The glass used in these early instruments was of very poor quality and chromatic and spherical aberration worsened the images. Despite this astronomers continued to press for ever more powerful instruments. Before the invention of mirror lenses and the perfecting of the reflecting telescope, the only way to improve the actual telescope seemed to be to increase the focal length. The result was tubes so long they threatened to bend under their own weight and supports that became increasingly unstable; tubes were built over thirty metres long, up to Heveliusís gigantic telescope (focal length 45 metres) and the so-called "aerial telescopes" (over 60 metres), achieved by simply placing the object lens in an elevated position and collecting the image in the eyepiece, without using tubes. All at the expense of using these long instruments reasonably.
Significant improvement in the optical quality of lenses only came about in the following century when, in 1747, Leonard Euler (Basel 1707-1783) suggested using a lens made from two types of glass with different dispersive properties, designed to correct chromatic aberration.
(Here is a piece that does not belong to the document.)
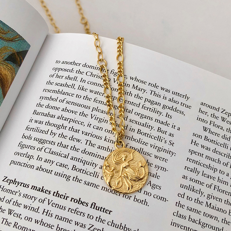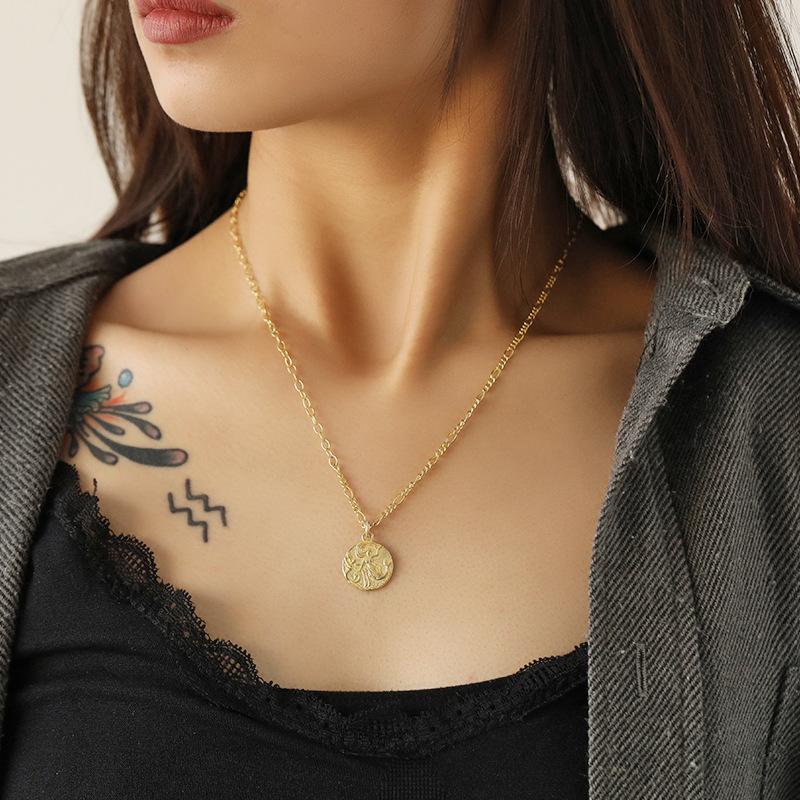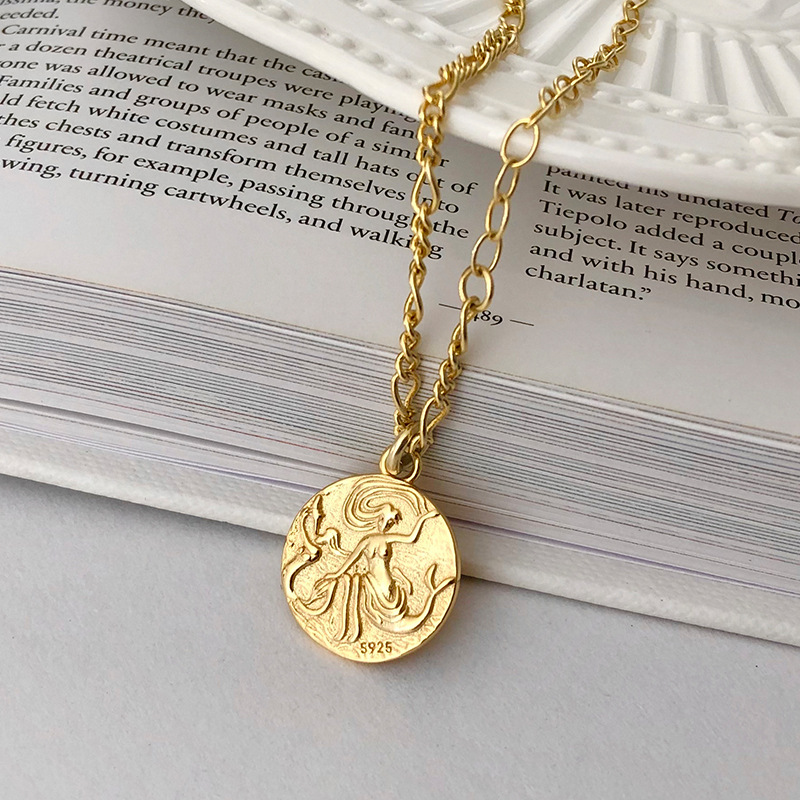 歐式宮廷風格輕奢復古s925純銀圓牌硬幣鎖骨鍊項鍊 (S925純銀 電鍍金)

The first person to make such an achromatic lens was the English optician George Bass (c.1733-1769) - at the suggestion of Chester Moor Hall who had discovered the principle in 1733, before Euler - but it was John Dolland (London 1706-1761) and his son Peter (London 1730-1821) who began producing them in large numbers and of excellent quality [file 37 and 38].
In 1668 Newton, who had theoretically excluded the possibility of producing achromatic lenses, built the first telescope with metal mirrors, a solution which was, however, only widely accepted in the following century, finally replacing refracting telescopes in the XXth century, after which the metal mirrors were replaced by crystal ones, with aluminium or silver on the front surface, thus obtaining completely achromatic and luminous images.